In 1789 Congress passed an Act creating the United States Lighthouse Establishment (USLHE) which was operated by the Department of the Treasury.  The Act also transferred ownership of all existing private American lighthouses to the U.S. government.  In 1852, the United States Lighthouse Board was created.   The Act dissolved the prior administration of lighthouses under the Treasury Department's Lighthouse Establishment.  The board consisted of six senior Naval officers governing 12 lighthouse districts, each having a Naval inspector who was charged with building lighthouses and maintaining their good working order.  The Lighthouse Board immediately set to installing state-of-the-art Freznel lenses in all newly-built lighthouses. The Board also oversaw the construction of the first lighthouses on the West Coast.  By the Civil War, all U.S. lighthouses had Freznel lenses.  In 1886, electricity was tested to illuminate the Statue of Liberty.  Thereafter the lighting of the statue was the Lighthouse Board's responsibility.  It remained such until 1902, when the "modern age in lighthouse illumination" began.   In 1900, the Lighthouse Board started converting lighthouses to electric service. 

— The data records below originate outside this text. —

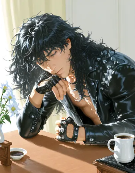 hud_80srckhr, solo, realistic, messy hair, jewelry, leather, necklace, leather jacket, jacket, long hair, brown hair, tank top,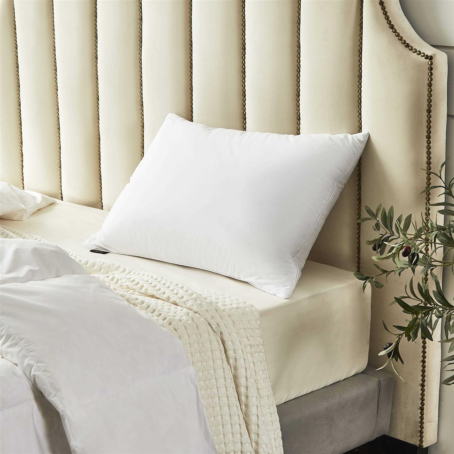 The beautiful 100% organic cotton is a tightly woven pillow covering with a 260 thread count that is Oeko-Tex standard 100 certified. A soft outer wrap of down alternative polyester makes it soft to the touch and creates medium- firm pillow suitable for many sleeping positions. Great for back and side sleepers. Pillow outer wrap is filled with down alternative polyester fill. Pillow core is filled with hypoallergenic blend of feather and down for comfort and support. FreshLoft process ensures that the feather and down fill is clean of dust dirt and allergens. Certified to the Responsible Down Standard (RDS) contain down or feathers from farms certified to animal welfare requirements. Save earth choose to reuse. Package made with recycled material. Imported. Dry clean only.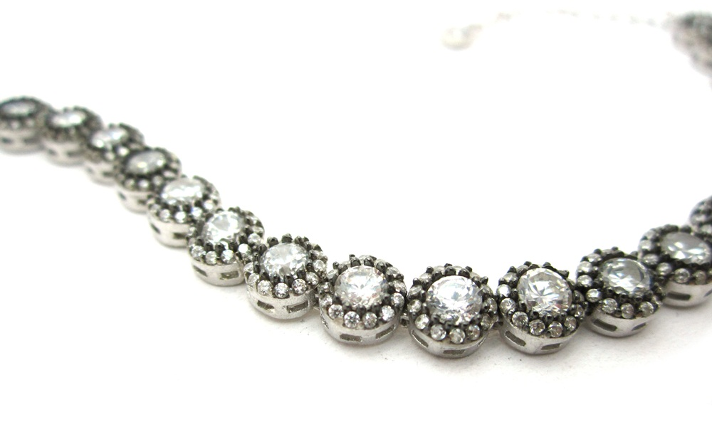 -Bileklik hem gümüşün kararmasını önlemek hemde eskitme elmas görünüm tarzını yakalamak için komple rodyum kaplanmıştır.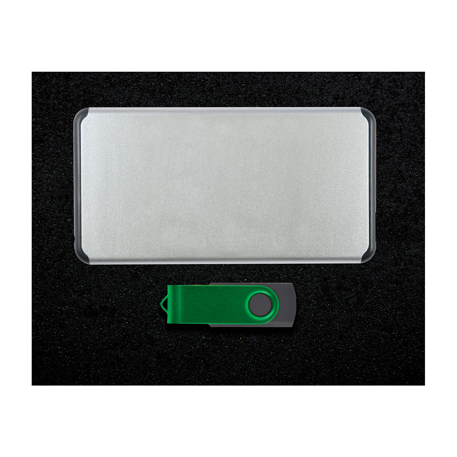 Superior gift set of 4000mAh Matrix Power Bank and 4GB Swivel Flash Drive packed in 2 piece cardboard gift box with laser cut foam insert. Includes 3 in 1 connector cable fo charging most phones on the market. Includes items:LL9204 Matrix Power Bank LL9600 Swivel USB Flash Drive LL826 Superior Gift Box.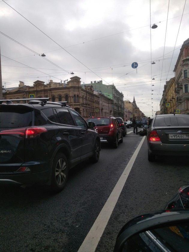 Дтп с мото на перекрестке Литейный пр. и ул. Чайковского. Мотоциклист не пострадал.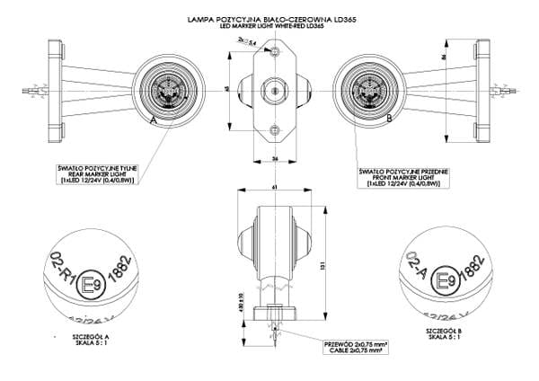 Lampa obrysowa diodowa na wysięgniku długim prostym, biało-czerwona LD 365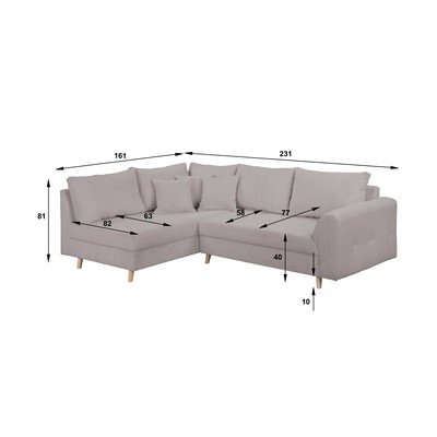 Divano angolare in velluto a coste color crema (angolo sinistro) Ariella - Ropez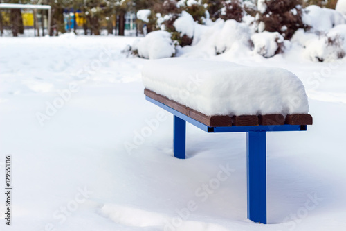Wooden bench covered by snow in winter day.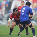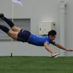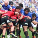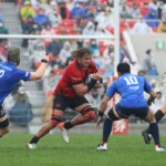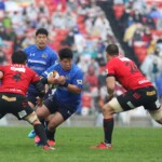 前半、ドコモは早々の5分、相手反則で得たPGをSO10番マーティ・バンクスが確実に決めて幸先のよいスタートを切った。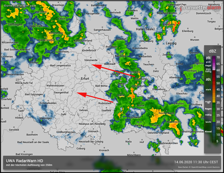 Ich ergänze mal die Radardaten zur ersten Zelle. Radar HD+, Regenradar vom 13.06.2020, 19:15 Uhr - Eichsfeld | Wetter von kachelmann.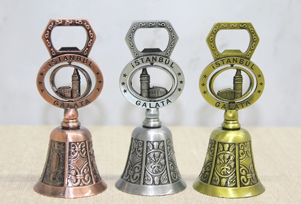 AÇACAKLI GALATA TEMALI EL ÇANIÜrün ÖzellikleriAçacaklı Galata Temalı El Çanı, kompakt tasarımı ve fonksiyonel yapısıyla hem dekoratif hem de pratik kullanım sunan özel bir üründür. 8 cm boyutundaki yapısı sayesinde masaüstü, raf ve vitrin dekorasyonunda zarif bir görünüm oluşturur. Üzerinde yer alan Galata temalı detaylar ürüne turistik ve koleksiyonluk bir karakter kazandırır. Alt kısmında bulunan açacak fonksiyonu sayesinde yalnızca dekoratif değil, aynı zamanda günlük kullanım için de avantaj sağlar. Metal gövde yapısı sağlam ve estetik bir duruş sunar. Gönderim sırasında görselde yer alan renklerden biri karışık olarak gönderilmektedir. Küçük boyutuyla pratik kullanım sunan bir açacaklı el çanı modelidir. Şehir simgeli tasarımıyla dikkat çeken dekoratif bir Galata temalı metal çan alternatifidir.Ürün Teknik ÖzellikleriÖzellikAçıklamaÜrün AdıAçacaklı Galata Temalı El ÇanıBoyut8 cmMalzemeMetalÖzellikAçacak FonksiyonluTemaGalata TasarımıRenkGörseldeki Renklerden Biri Karışık Olarak GönderilirKullanım AlanıDekoratif ve Açacak Amaçlı KullanımPaket İçeriği1 Adet Açacaklı Galata Temalı El Çanı

In 1910, the Board was changed in favor of a civilian run "Lighthouse Service."  It is uncertain as to exactly when the U.S. Lighthouse Establishment became the U.S. Lighthouse Service.  Both terms for the agency appear to have been used interchangeably in the second half of the 19th century. 

In 1939 the U.S. Lighthouse Service itself was disbanded and merged with the U.S. Coast Guard.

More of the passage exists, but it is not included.